Programmeerparadigma
Programmeerparadigma's zijn een manier om programmeertalen te groeperen op basis van wat ze doen. Talen kunnen meer dan één paradigma hebben.
Sommige paradigma's kijken naar de manier waarop de code wordt uitgevoerd, zoals het toestaan van neveneffecten, of dingen in een bepaalde volgorde moeten doen. Andere paradigma's kijken naar de manier waarop code wordt gegroepeerd, zoals het in één of twee stukken stoppen van code (of juist veel kleine stukjes). Weer andere paradigma's kijken naar de volgorde en de stukjes die het programma maken zoals het is.
Er zijn twee hoofdgroepen van paradigma's, imperatief en declaratief. Een taal kan beide tegelijk zijn.
Imperatief programmeren
In imperatieve programma's geven programmeurs de computer een reeks geordende stappen die moeten worden uitgevoerd om iets te doen. Als iemand wil dat de computer een kattengezicht tekent, kan hij aanwijzingen geven als "Teken hier een cirkel, teken daar twee kleinere cirkels, teken er twee driehoeken bovenop", enzovoort. Imperatieve programma's hebben soms veel neveneffecten.
Er zijn twee grote imperatieve paradigma's, en vaak heeft een taal beide:
- Gestructureerd - De computer krijgt aanwijzingen die altijd in een bepaalde volgorde staan. Stappen als "ga terug naar stap 3" (bekend als goto statements) zijn niet toegestaan.
- Procedureel - Het programma laat de programmeur een naam geven aan een lijst van opdrachten, waardoor die opdrachten worden omgezet in een "procedure" die hij later kan gebruiken. De meeste gestructureerde talen zijn ook procedureel.
- Object-georiënteerd - Ideeën worden aan de computer uitgelegd met behulp van objecten, stukjes code die een reeks opdrachten hebben die ze kunnen krijgen en enige informatie daarover.
Declaratief programmeren
In declaratieve paradigma's vertelt de programmeur de computer wat hij moet doen in plaats van hoe hij het moet doen. Als hij wil dat de computer een kattengezicht tekent, kan hij aanwijzingen geven als "Teken een gezicht, teken twee ogen, twee oren en een mond".

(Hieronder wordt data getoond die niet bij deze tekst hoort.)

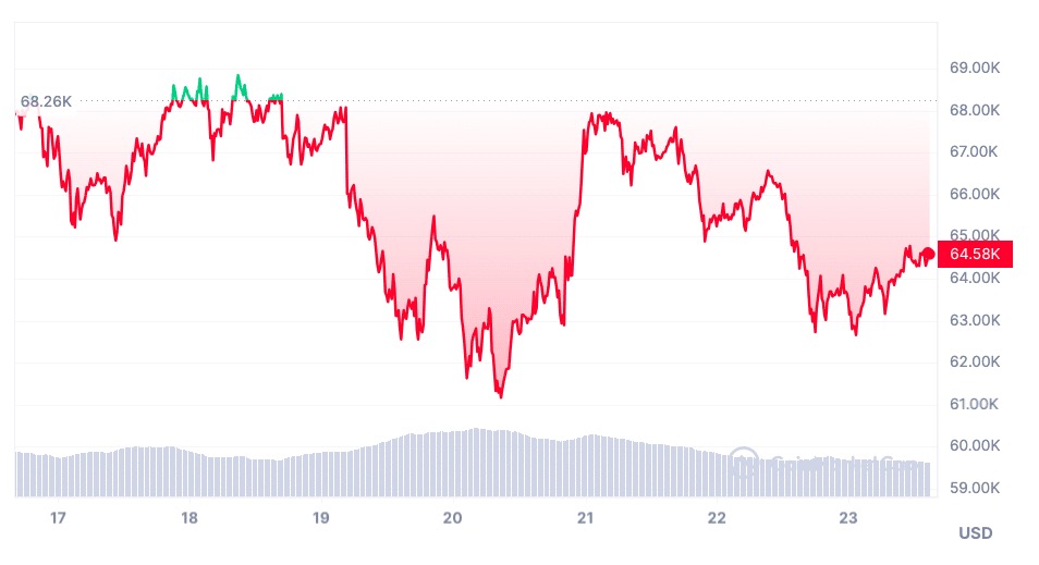 今天,比特币价格为 64,714.38 美元,交易范围为 62,355 美元至 64,834.24 美元。交易量下降11.21%,达到365.4亿美元。这表明买卖交易水平有所下降。交易者可能不太感兴趣或不确定,**导致波动性**。根据CoinMarketCap 的数据,比特币的市值为 1.27 万亿美元,流通量为 19,661,956 BTC,继续占据市场**的位置。

De bekendste declaratieve paradigma's zijn:
- Functioneel - Het meeste werk wordt gedaan door functies zonder bijwerkingen.

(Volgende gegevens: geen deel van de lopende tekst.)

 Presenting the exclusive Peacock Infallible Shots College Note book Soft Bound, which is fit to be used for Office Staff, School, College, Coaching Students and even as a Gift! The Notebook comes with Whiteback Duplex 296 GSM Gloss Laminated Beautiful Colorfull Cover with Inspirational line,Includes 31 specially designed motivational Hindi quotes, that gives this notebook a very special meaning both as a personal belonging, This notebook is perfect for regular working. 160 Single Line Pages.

- Logica - Een reeks feiten wordt vermeld, en vervolgens worden een of meer "vragen" gesteld.
- Event-driven - Stukken code worden ingesteld om te worden uitgevoerd wanneer bepaalde dingen gebeuren (zoals het aanzetten van de computer).
Andere paradigma's
Sommige paradigma's komen voor in zowel imperatieve als declaratieve talen. Deze paradigma's worden meestal gevonden met een van de bovenstaande paradigma's in plaats van op zichzelf te staan.
- Parallel: Meer dan één stuk code wordt tegelijkertijd uitgevoerd.
- Meta: Speciale dingen in de taal laten de programmeur de manier veranderen waarop de taal zelf handelt.
Overzicht
Programmeertalen worden gegroepeerd volgens paradigma's, net zoals machines kunnen worden gegroepeerd volgens het doel waarvoor ze worden gebruikt.
Enkele talen passen in slechts één hoofdparadigma, zoals:
- Smalltalk (objectgeoriënteerd)
- Assemblage (imperatief, maar niet gestructureerd of objectgeoriënteerd)
- Haskell (functioneel)
- Prolog (logica)
De meeste talen hebben echter meer dan één paradigma. Enkele talen die eruit springen omdat ze meer dan één paradigma hebben, zijn:
- Scala (objectgeoriënteerd, functioneel, parallel)
- Visual Basic (gebeurtenisgestuurd, objectgeoriënteerd)
- Common Lisp (procedureel, functioneel, objectgeoriënteerd, meta)
- Schema (functioneel, procedureel, meta)
- Perl (functioneel, procedureel, meta, objectgeoriënteerd, event-driven)
- Python (functioneel, objectgeoriënteerd, procedureel)
- Ruby (functioneel, objectgeoriënteerd, procedureel)
- Wolfram Language (functioneel, procedureel, over het algemeen declaratief)
- Oz (logisch, functioneel, imperatief, objectgeoriënteerd)
- F# (functioneel, imperatief, objectgeoriënteerd, meta)
Het hebben van meer paradigma's is niet altijd goed. Eén keer dat minder paradigma's een goede zaak kan zijn, is wanneer er een taal is die alleen functioneel is. Een functie in zo'n taal doet soms minder werk (zoals alleen de delen van een groep dingen overlopen die echt nodig zijn) dan wanneer de taal ook procedureel was.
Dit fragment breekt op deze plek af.